Stephen Schwarzman, chairman and chief executive officer of Blackstone Group, received $148.5 million in pay and cash dividends in 2011, topping rivals at Carlyle Group and KKR & Co.
The Blackstone co-founder was paid a $350,000 salary and $4.6 million of his share of the firm's profits, known as carried interest, the New York-based company said Tuesday in a regulatory filing. He received $74 million in distributions from funds started before the company went public in 2007 and $69.6 million in cash dividends from his ownership of Blackstone stock.
Carried interest and its taxation has come under public scrutiny this year as U.S. lawmakers consider proposals to eliminate tax breaks that benefit some of the richest Americans. Mitt Romney, the former Bain Capital CEO endorsed by Mr. Schwarzman, said last month his effective tax rate was 13.9% on income of $21.6 million in 2010, less than half the top rate on ordinary income.
Mr. Schwarzman told the CNBC cable network in September that he was taxed at 36% by the U.S. and 17% by state and local governments in 2010. He had a net worth of $4.7 billion as of September, making him the 66th wealthiest American, according to an estimate by Forbes magazine.
Blackstone isn't required by the New York Stock Exchange, where its shares are listed, to have a compensation committee because the firm is considered a limited partnership. As a result, executive compensation is left in the hands of the executive committee of the board, which includes Mr. Schwarzman, President Tony James, Vice Chairman J. Tomilson Hill and Jonathan Gray, a senior managing director.
Mr. James was paid a total $41.1 million in 2011, including a salary of $350,000, a $26.2 million bonus and $12.8 million in cash dividends, according to the filing with the Securities and Exchange Commission. He collected $1.7 million in carried interest.
Mr. Gray, the head of global real estate, joined Blackstone's board of directors this month after his business brought in $1 billion in profit in 2011, accounting for 71% of the firm's profit last year. He joined Blackstone in 1992 after graduating from the University of Pennsylvania and became a senior managing director eight years later.

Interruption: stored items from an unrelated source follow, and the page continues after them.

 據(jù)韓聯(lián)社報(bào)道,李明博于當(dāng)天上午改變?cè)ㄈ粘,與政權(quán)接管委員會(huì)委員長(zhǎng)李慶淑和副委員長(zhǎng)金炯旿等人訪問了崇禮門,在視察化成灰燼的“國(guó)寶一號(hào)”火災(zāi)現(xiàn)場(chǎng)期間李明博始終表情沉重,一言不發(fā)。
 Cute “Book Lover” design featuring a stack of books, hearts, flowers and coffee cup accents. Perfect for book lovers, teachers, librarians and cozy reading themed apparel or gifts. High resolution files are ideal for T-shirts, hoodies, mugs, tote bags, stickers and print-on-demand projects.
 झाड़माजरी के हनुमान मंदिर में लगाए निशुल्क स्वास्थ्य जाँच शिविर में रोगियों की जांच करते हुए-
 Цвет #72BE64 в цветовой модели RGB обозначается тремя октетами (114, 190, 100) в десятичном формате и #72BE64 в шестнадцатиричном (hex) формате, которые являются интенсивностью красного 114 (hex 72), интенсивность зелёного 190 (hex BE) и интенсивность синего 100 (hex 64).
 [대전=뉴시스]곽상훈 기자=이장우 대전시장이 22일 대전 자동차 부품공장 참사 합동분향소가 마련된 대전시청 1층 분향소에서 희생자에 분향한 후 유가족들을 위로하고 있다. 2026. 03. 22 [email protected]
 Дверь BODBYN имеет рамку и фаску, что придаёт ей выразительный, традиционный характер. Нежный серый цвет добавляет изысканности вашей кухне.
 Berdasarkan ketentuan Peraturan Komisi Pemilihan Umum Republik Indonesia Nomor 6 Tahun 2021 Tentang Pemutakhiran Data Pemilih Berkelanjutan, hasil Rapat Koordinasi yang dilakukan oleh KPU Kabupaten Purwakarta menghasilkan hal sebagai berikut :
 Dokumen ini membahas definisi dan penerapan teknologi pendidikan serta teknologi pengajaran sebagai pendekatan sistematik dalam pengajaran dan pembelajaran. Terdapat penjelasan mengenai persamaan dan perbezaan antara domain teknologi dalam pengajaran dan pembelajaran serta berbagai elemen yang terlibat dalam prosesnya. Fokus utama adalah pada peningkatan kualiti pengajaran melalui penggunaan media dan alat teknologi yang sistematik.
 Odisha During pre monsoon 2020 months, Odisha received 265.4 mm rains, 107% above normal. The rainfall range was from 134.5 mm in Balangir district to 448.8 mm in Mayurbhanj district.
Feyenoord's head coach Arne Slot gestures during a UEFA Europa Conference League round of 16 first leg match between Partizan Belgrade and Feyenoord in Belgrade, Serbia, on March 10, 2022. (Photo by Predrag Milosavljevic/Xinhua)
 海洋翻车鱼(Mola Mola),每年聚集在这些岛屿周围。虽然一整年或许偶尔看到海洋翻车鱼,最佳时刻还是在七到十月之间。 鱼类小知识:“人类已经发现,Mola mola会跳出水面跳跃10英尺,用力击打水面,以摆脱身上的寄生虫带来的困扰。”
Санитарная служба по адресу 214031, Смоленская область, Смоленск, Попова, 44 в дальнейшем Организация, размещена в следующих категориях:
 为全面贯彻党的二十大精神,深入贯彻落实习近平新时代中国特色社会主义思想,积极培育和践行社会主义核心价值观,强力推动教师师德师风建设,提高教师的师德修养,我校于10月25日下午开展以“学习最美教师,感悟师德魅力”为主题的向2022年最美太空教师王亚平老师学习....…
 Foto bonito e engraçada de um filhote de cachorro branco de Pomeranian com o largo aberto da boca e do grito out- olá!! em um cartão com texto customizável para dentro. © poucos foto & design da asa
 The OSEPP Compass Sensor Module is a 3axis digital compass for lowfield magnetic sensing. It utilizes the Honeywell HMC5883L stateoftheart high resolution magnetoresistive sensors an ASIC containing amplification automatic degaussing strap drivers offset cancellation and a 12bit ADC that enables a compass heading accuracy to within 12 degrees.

The 42-year-old Mr. Gray received $36.5 million in 2011, including $350,000 in salary, a $21.4 million bonus based upon the performance of the real estate segment, $2.6 million in carried interest and $12.2 million in cash dividends, according to the filing.
Though Blackstone said on Feb. 2 that 2011 profit fell 2% to $1.4 billion as performance fees and investment income declined, the firm ended the year with a record-high $136.8 billion fee-earning assets under management, up 25% from 2010. The firm deployed a near-record $16 billion in 2011 and returned $9 billion to investors, said Mr. James, Blackstone's president.
Carlyle Group, the Washington-based private equity firm seeking to go public, said in a filing last month that its three founders received a combined $413 million last year. William Conway, Daniel D'Aniello and David Rubenstein each earned a $275,000 salary, a $3.55 million bonus and $134 million in distributions.
Mr. Schwarzman earned $398.3 million in 2006, the year before Blackstone went public.
KKR said in a Feb. 27 filing that Henry Kravis and George Roberts, the firm's co-founders and co-CEOs, received more than $94 million in pay and cash dividends in 2011, about 30% more than the year before. Almost all of their compensation was from carried interest, or their share of profits from the firm's private equity funds.